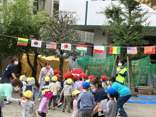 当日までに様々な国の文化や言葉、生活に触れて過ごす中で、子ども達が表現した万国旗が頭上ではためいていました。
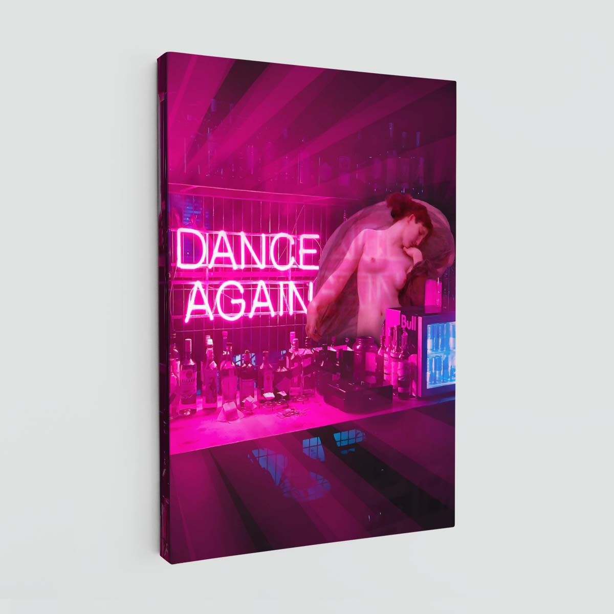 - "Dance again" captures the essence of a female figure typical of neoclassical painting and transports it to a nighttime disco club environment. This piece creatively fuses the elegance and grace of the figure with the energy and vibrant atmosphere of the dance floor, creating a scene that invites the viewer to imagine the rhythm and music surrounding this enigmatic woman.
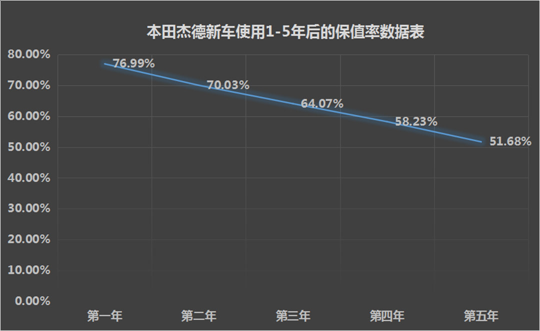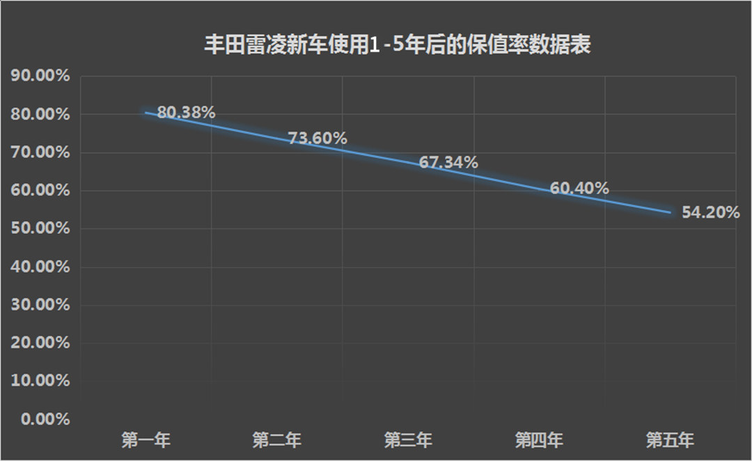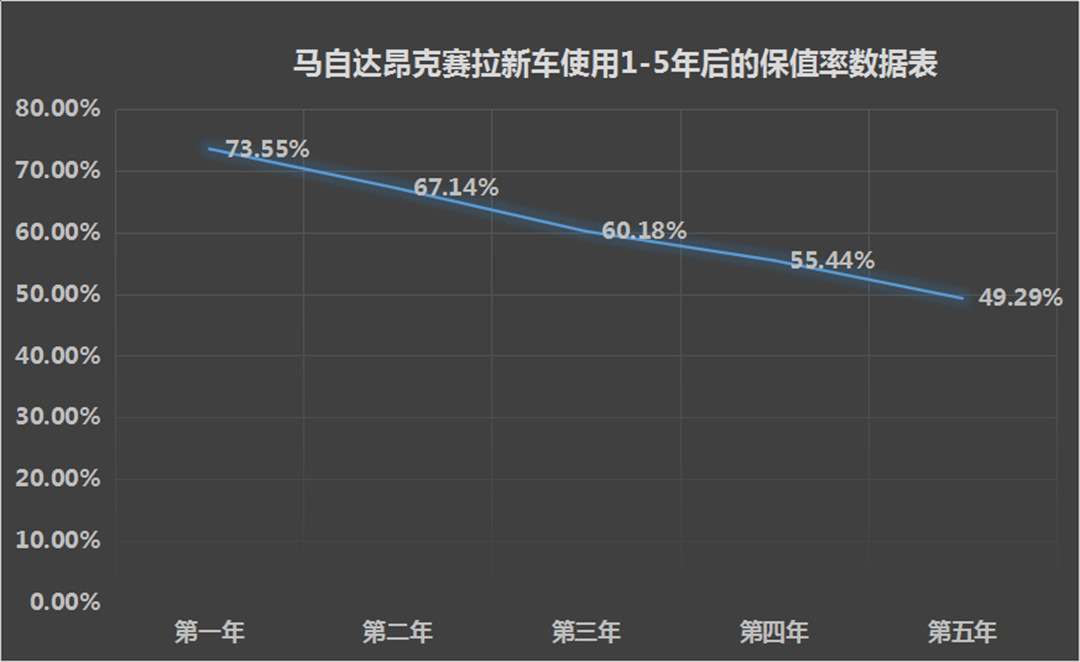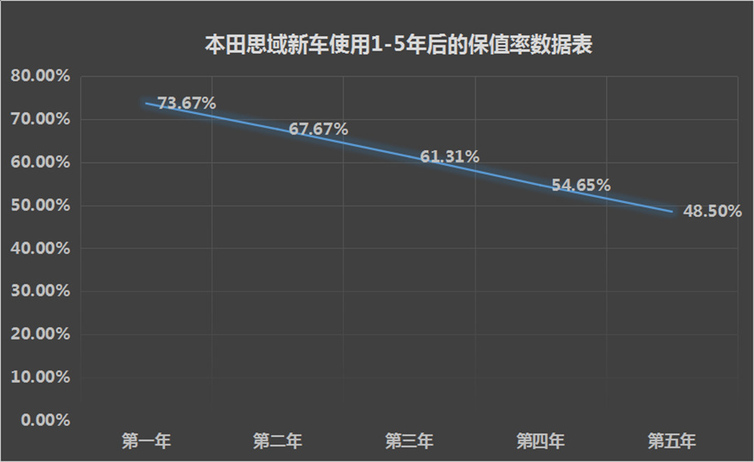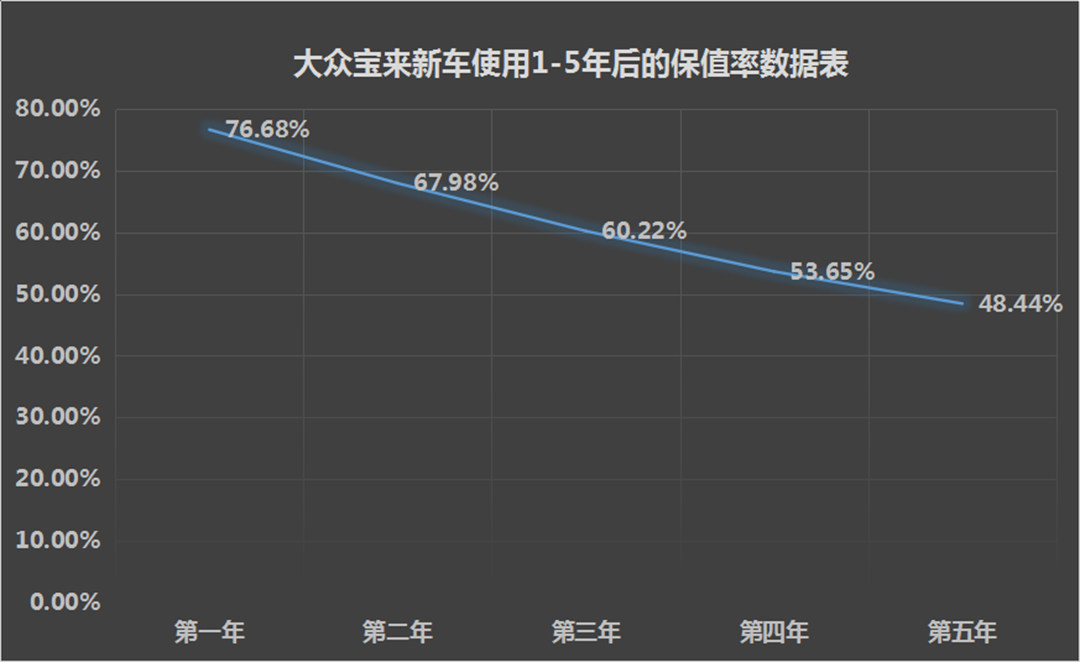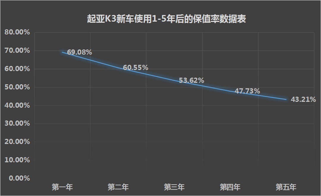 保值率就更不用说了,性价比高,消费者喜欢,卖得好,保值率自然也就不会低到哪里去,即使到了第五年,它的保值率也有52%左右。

|---|

*Instructions to follow*
The answer should match the material exactly, with every picture removed.

*Solution for this task*
 当日までに様々な国の文化や言葉、生活に触れて過ごす中で、子ども達が表現した万国旗が頭上ではためいていました。
 - "Dance again" captures the essence of a female figure typical of neoclassical painting and transports it to a nighttime disco club environment. This piece creatively fuses the elegance and grace of the figure with the energy and vibrant atmosphere of the dance floor, creating a scene that invites the viewer to imagine the rhythm and music surrounding this enigmatic woman.
 保值率就更不用说了,性价比高,消费者喜欢,卖得好,保值率自然也就不会低到哪里去,即使到了第五年,它的保值率也有52%左右。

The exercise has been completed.